11. The system of claim 9, wherein at least one of the plurality of vessels is affixed within at least one of: galley areas, lavatories, or corridors.

12. The system of claim 9, wherein at least one of the plurality of vessels is attached to a galley trolley.

13. The system of claim 9, wherein at least one of the plurality of vessels is located within an cargo bay area.

14. A method of monitoring aircraft air comprising:

driving ambient cabin air from the cabin through a reagent fluid located within a conical collector;

concentrating the reagent fluid; and

extracting and purifying a portion of the concentrated reagent fluid to produce a testable sample.

15. The method of claim 14, further comprising conducting a pathogen/contaminant diagnostic test, on the testable sample.

16. The method of claim 14, wherein the ambient cabin air passes through a HEPA-filter after passing through the reagent fluid.

17. The method of claim 14, wherein extracting and purifying includes passing the concentrated reagent fluid through silica columns.
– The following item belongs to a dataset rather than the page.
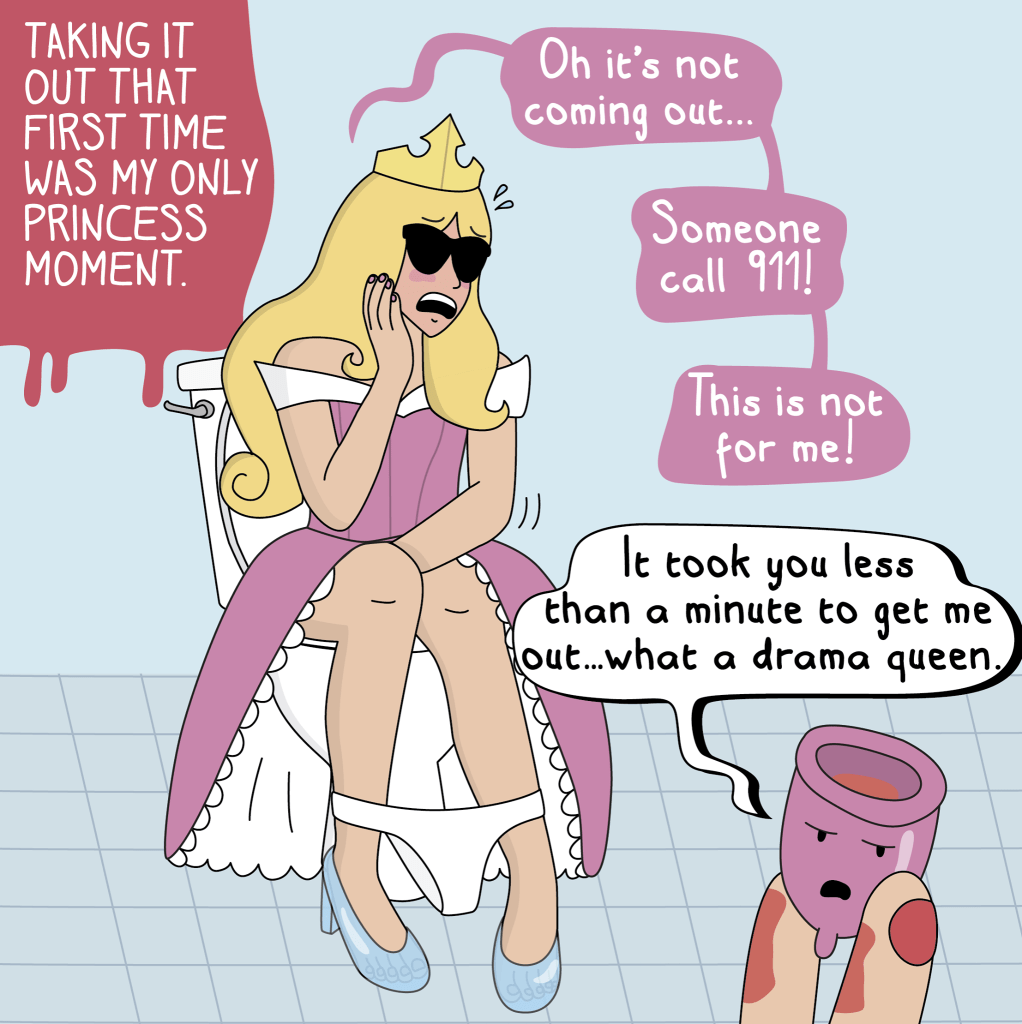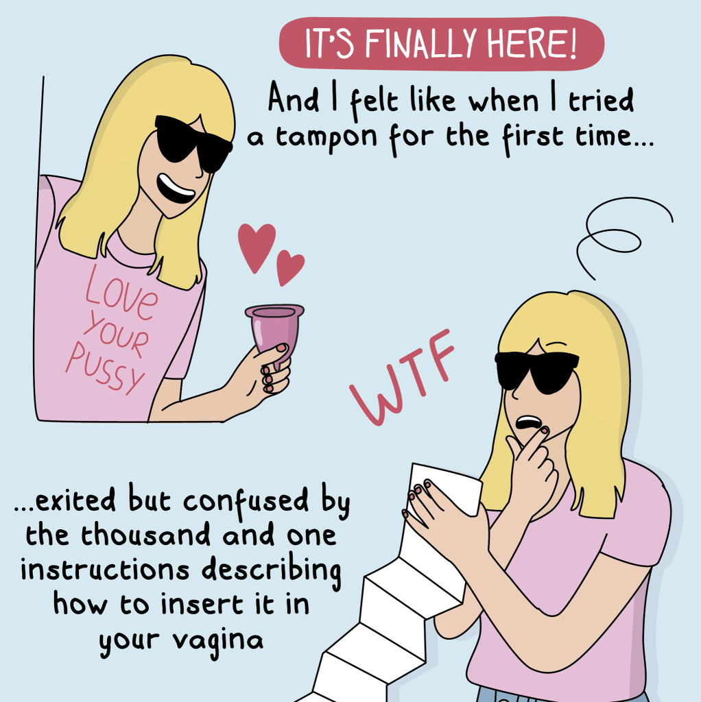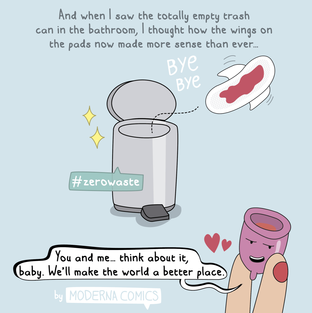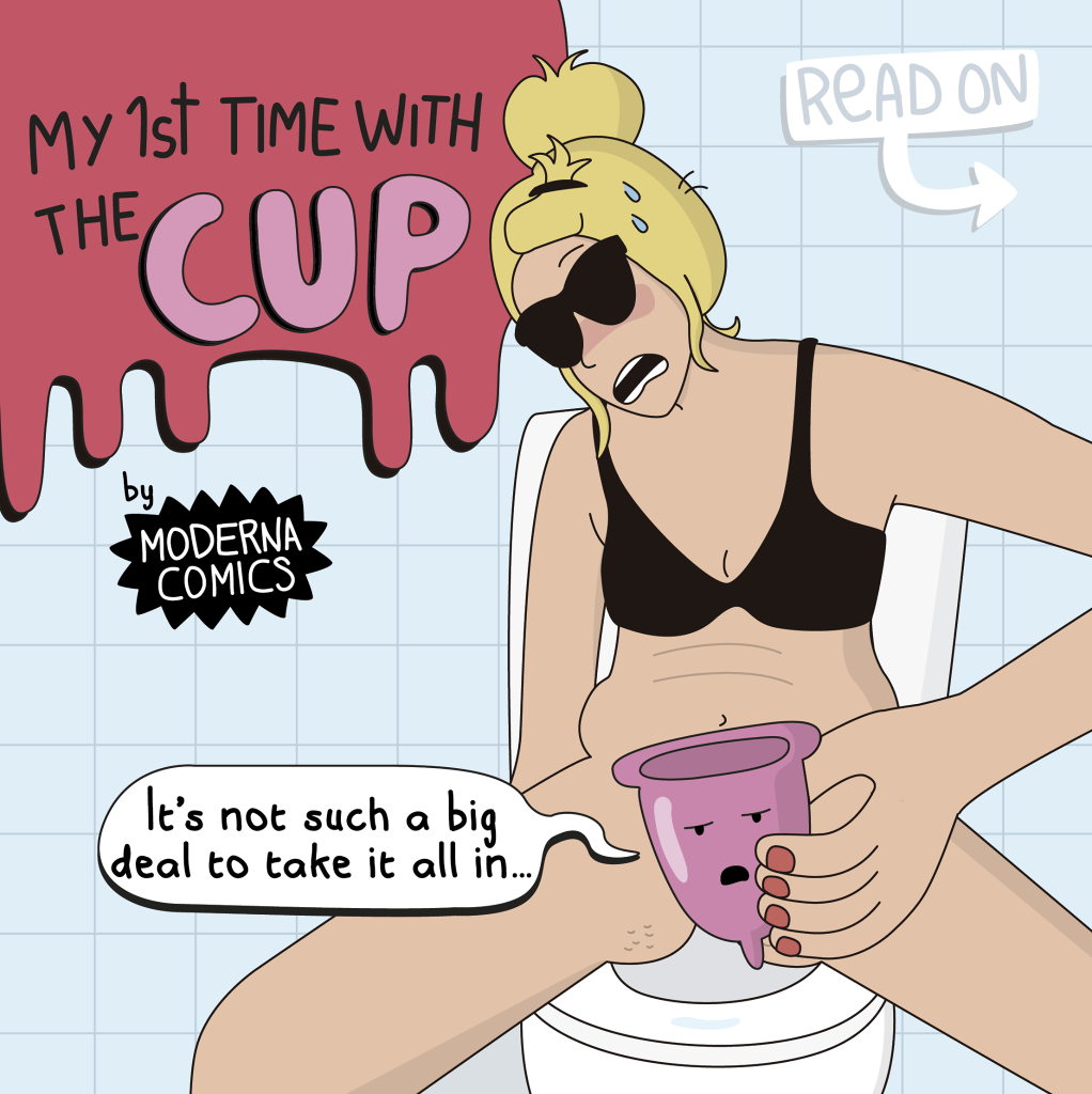 There are many different menstrual cups out there, but personally I would try the FLEX cup. It has an easy to grip stem that makes it possible to drain the cup without removing it. However, please check out this list of different options. One cup does not fit all! I found this great cartoon on Facebook – Moderna Comics. I questioned including these on here, but its 2020 and are way overdue for normalizing a perfectly natural bodily function.
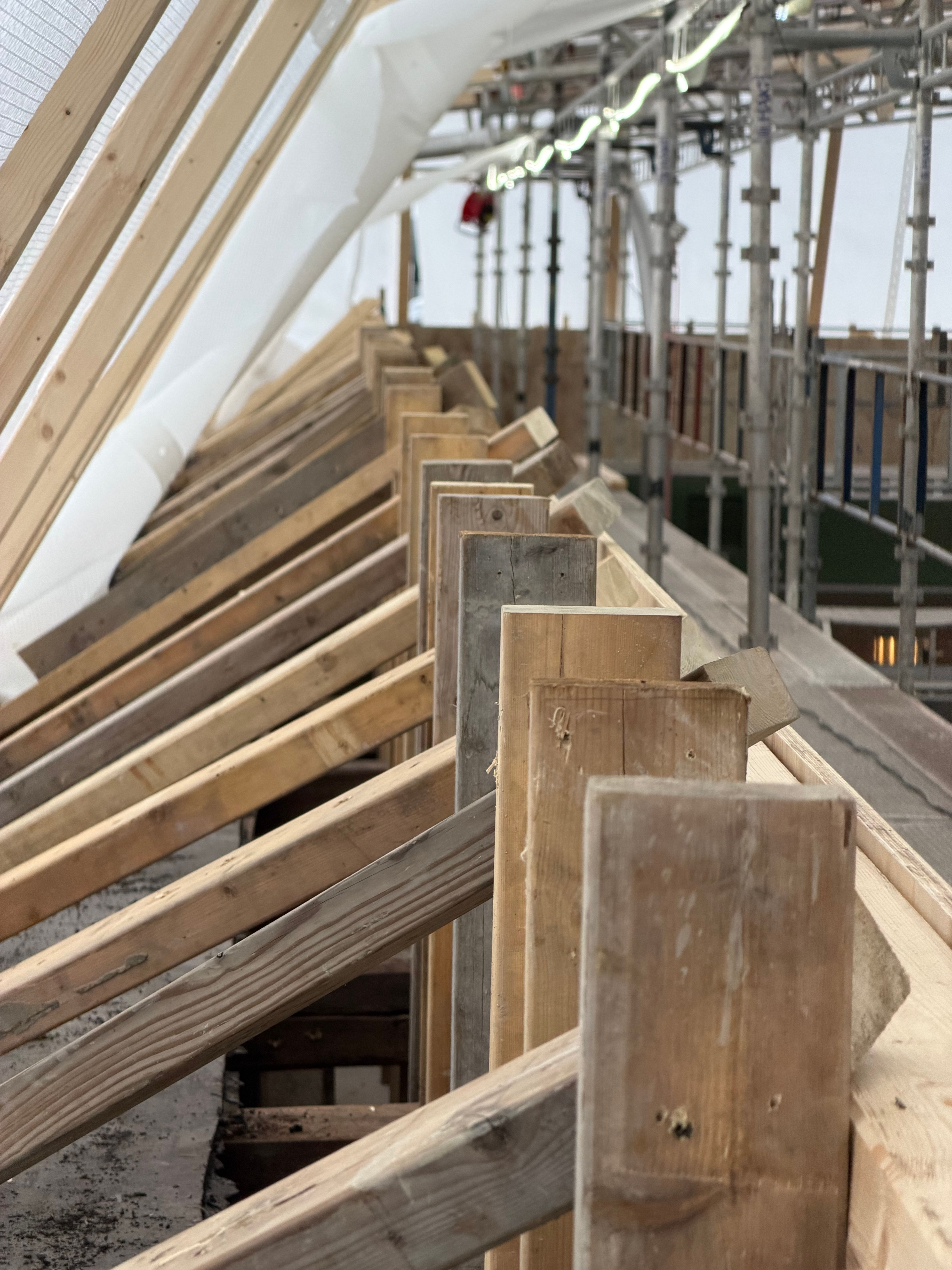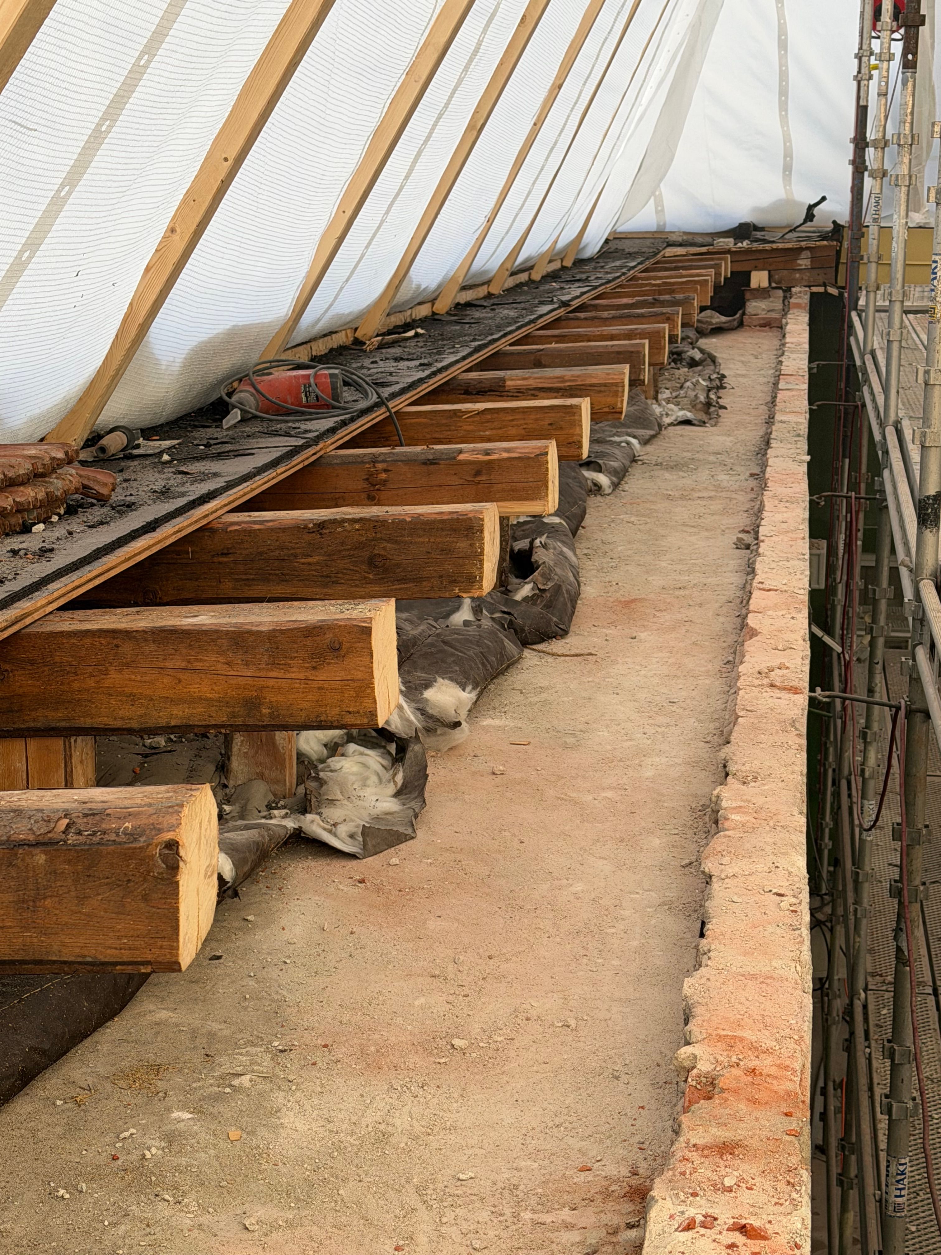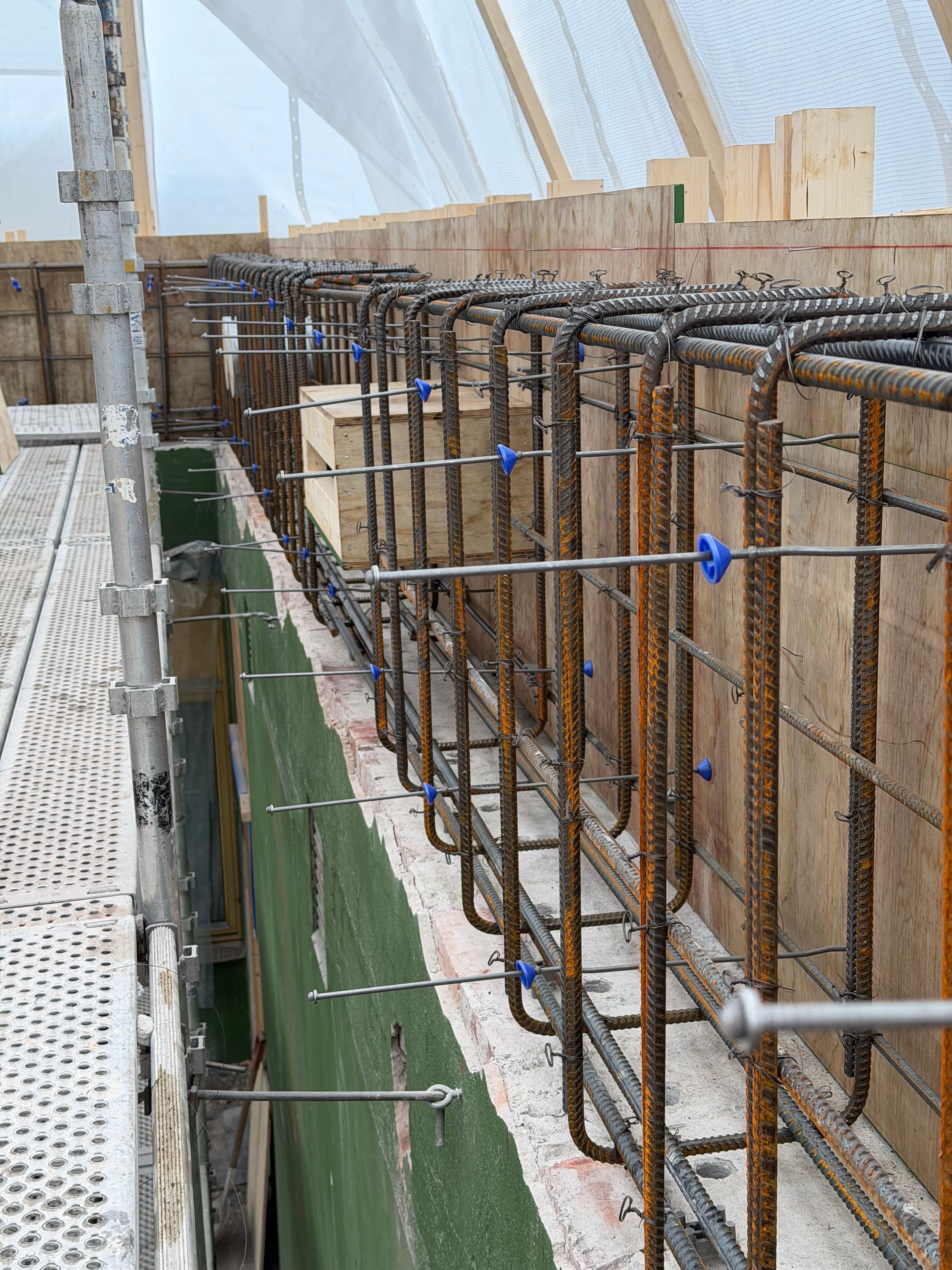 Det er utført ny ringmur i 3. etasje som fundament for stålkonstruksjon og glasstak. Arbeidet omfattet levering og støp av ca. 40 m³ betong, samt boring av 350 hull (Ø35 mm, dybde 600 mm) for gysing og forankring mot eksisterende vegger.

18. The method of claim 14, wherein extracting and purifying includes passing the concentrated reagent fluid through magnetic beads.

19. The method of claim 14, wherein extracting and purifying includes passing the concentrated reagent fluid through a microfluidic system.

20. The method of claim 14, wherein concentrating the reagent fluid includes a passing the reagent fluid through a concentrator with foam.